12 or 18 months ago, I offered Hamad Medical my services on a volunteer basis to fit the free baby seats to cars before mum and baby left hospital. I also provided them with my resume and CV to highlighting my background in road trauma/safety education and enforcement. I offered to come in for about 12 to 16 hours per week…never heard back.

outdoorsboys
outdoorsboys
6 years ago

What a complete and utter waste of research funding. This research was carried out extensively YEARS ago. The results have informed EU, UK and US legislation regarding protecting those travelling in vehicles- it’s a no brainer. Far better to spend the $2m on providing free car seats and police to monitor and forcefully implement the law. Any adult who neglects to protect the children in their care is guilty of at least neglect, at worst abuse.

Jaded
Jaded
6 years ago

Maybe they should hire the same research team that recently concluded it would be hot during a summer world cup in Qatar… this issue seems to be equally baffling…

avgeek
avgeek
6 years ago

Make it mandatory.
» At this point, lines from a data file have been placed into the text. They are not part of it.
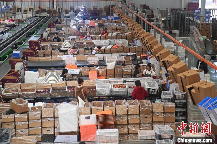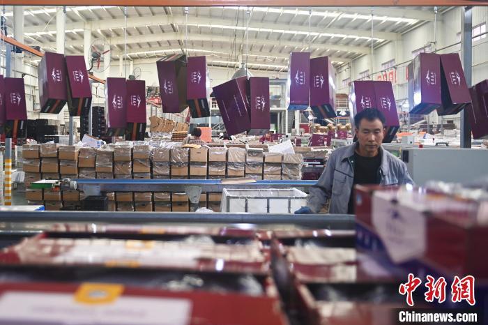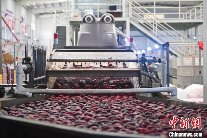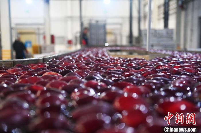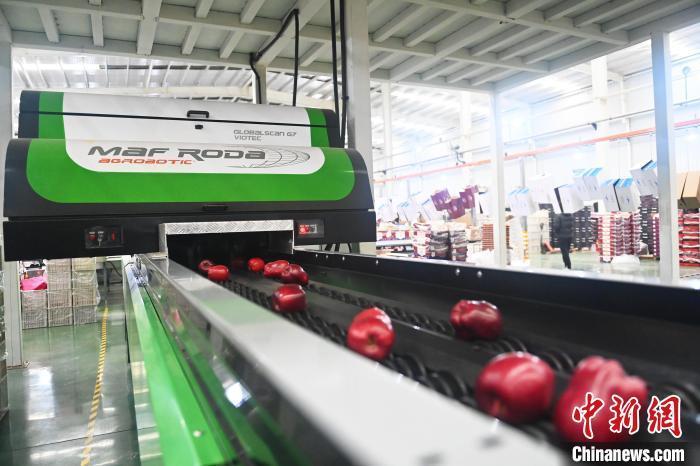 10月21日,在甘肅省天水市秦安縣雪原果品有限公司加工車間,蘋果自動化分揀線正在運行。中新社記者李亞龍攝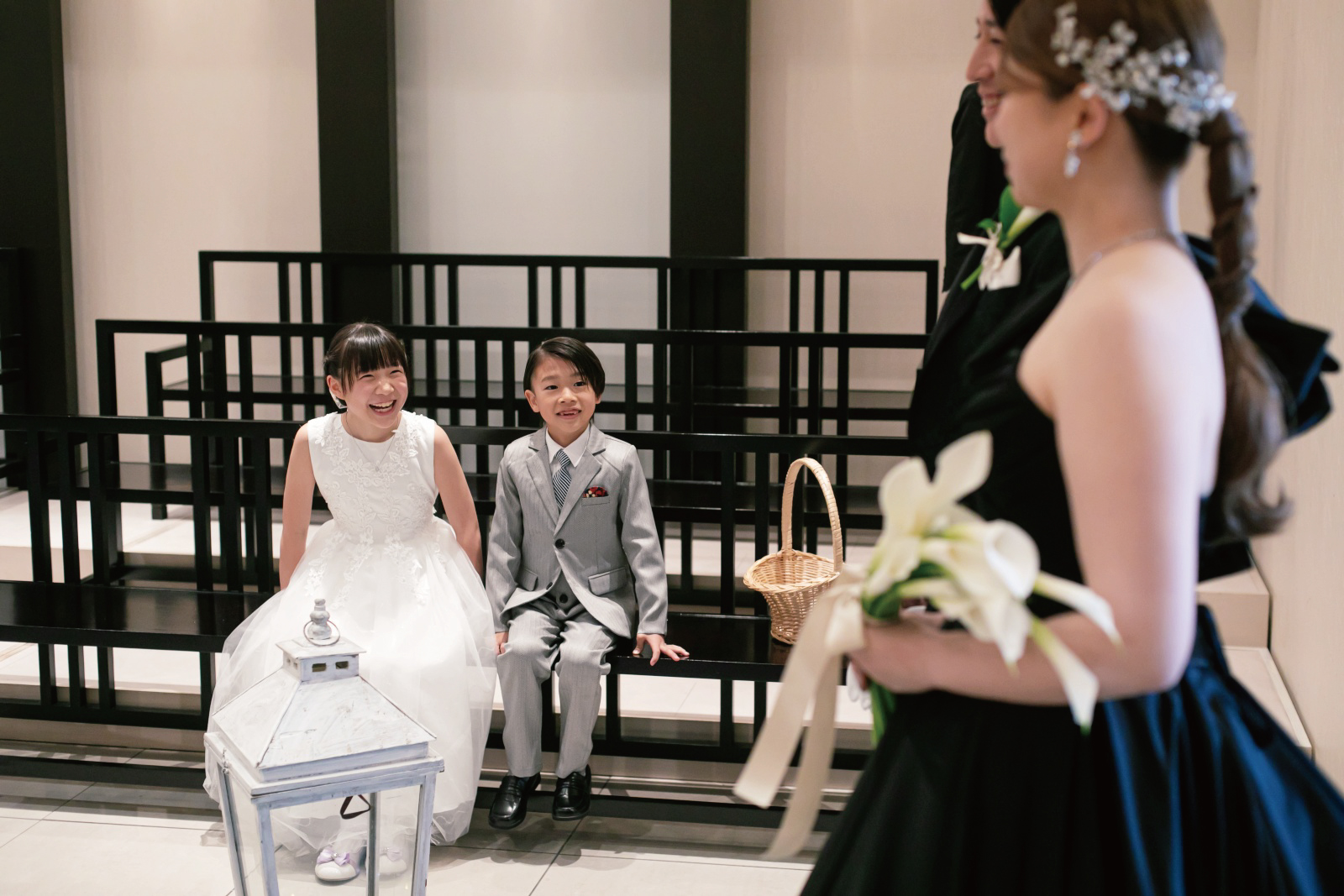 可愛い甥っ子、姪っ子ちゃんがリングキッズを。笑顔で受け取り指輪の交換を。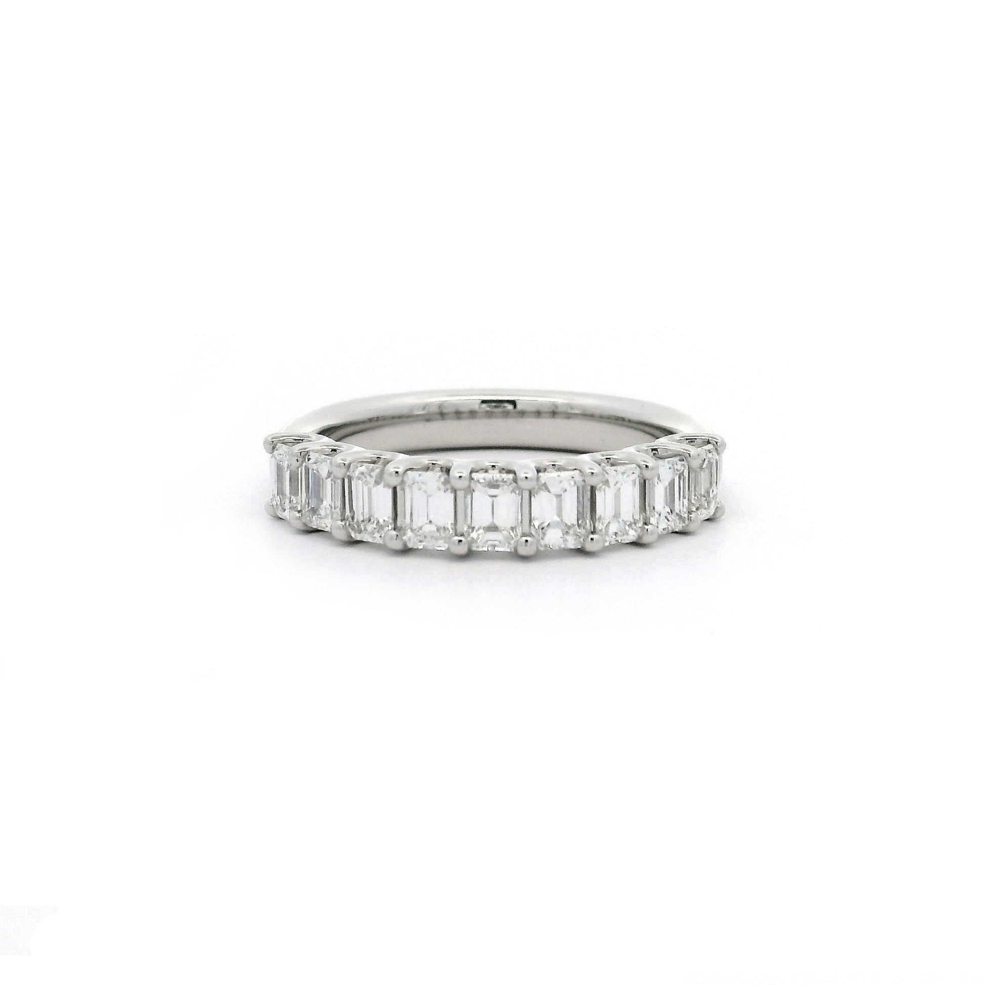 18WG 'U' SHAPE SHARED CLAW RING WITH VERTICAL SET EMERALD CUT 9=1.36CT EF VS (2402048) NON CERT. APPROX 3.35 X 2.60MM
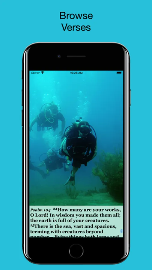 Easy to use! The simplicity of Psalm Daily Quotes allows you to focus on the words of scripture without distraction. The day's verse is displayed upon launch. Scroll up for longer verses. For browsing the collection of 365 images and verses, touch mid-right to advance one day. Touch mid-left to go back one day. Touch top of image for random verse. Touch "i" for help and other features such as sharing via Facebook or email.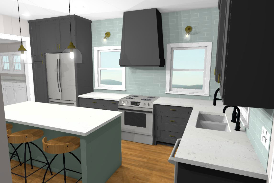 The kitchen rendering by our design team illustrates how the removal of the soffits will impact the kitchen. Now, the kitchen expands into the former banquette area with cabinets that extend to the ceiling above. Without a column limiting the room’s configuration, an impressive island will become a central focal point along with the bold color scheme a shapely hood.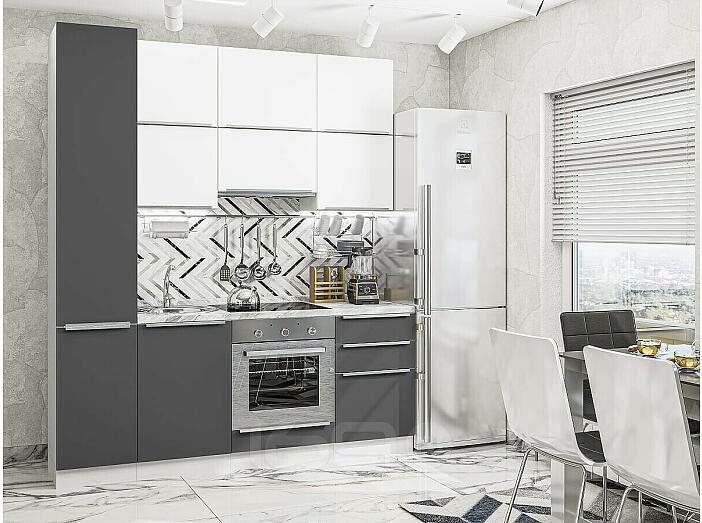 Модульный кухонный гарнитур Фьюжн-06 Silky White, Stormy Silk/Белый 2340x2000x600 (Белый матовый)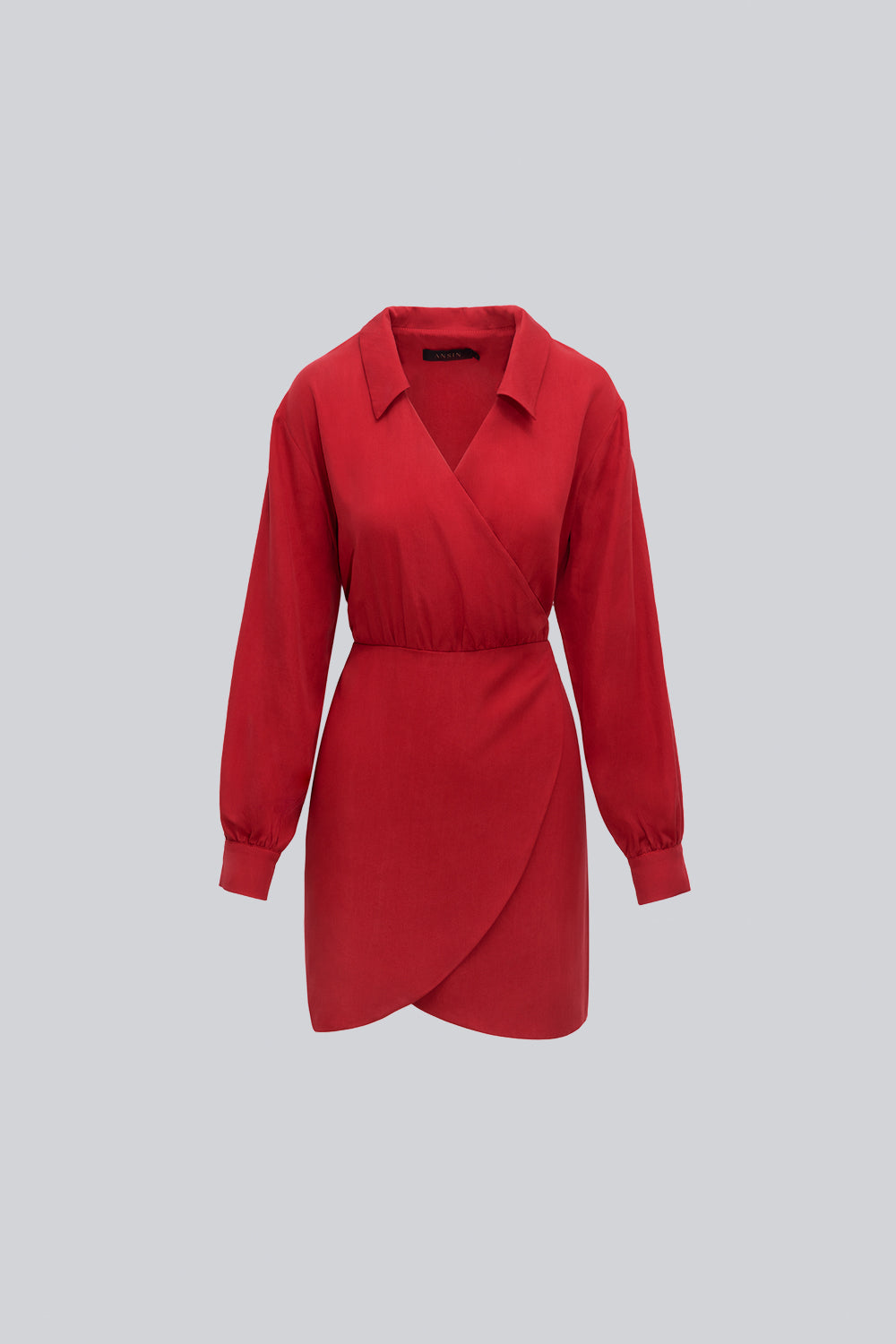 Czerwona krótka sukienka kopertowa z długim rękawem Miss Allure Red

Fine those who don’t use it. It’s a simple solution!

Waveydavey
Waveydavey
6 years ago

Nothing makes me more angry than seeing innocent babbins not strapped in because of their idiotic/ ignorant parents.

BBCA
BBCA
6 years ago

Insha’allah I will get a car seat… Insha’allah we will get home safely… Insha’allah my child will survive an accident while jumping around in back and hanging out the window and the sun roof…

How does insha’allah save your child’s life? God’s will is given to those that are willing to take steps to ensure that the “will” be done.

outdoorsboys
outdoorsboys
6 years ago

Most western expats with children use restraints as the norm , and would be really anxious if the child was not in a proper seat of strap. So many times I have been appalled to see men driving without seat belts- with small children on their laps; Mothers travelling without a seat belt- cradling a baby in their arms, whilst older children and toddlers climb around in the back, sticking heads out of sunroofs or fully open windows.
I would call for a helpline number by which people who openly abuse their children’s safety can be reported by members of the public, with a follow up visit by the authorities to give advice. Second offence should be punished by loss of licence by the vehicle Owner and a hefty fine based on number of children involved.
Perhaps a polite leafleting campaign by Western expats to Abaya and Thobe wearing shoppers would get the message across, with graphic images of injured children, softened by a free chocolate.

Raven
Raven
6 years ago
Reply to  outdoorsboys

Ha ha! Love the leafleting campaign idea.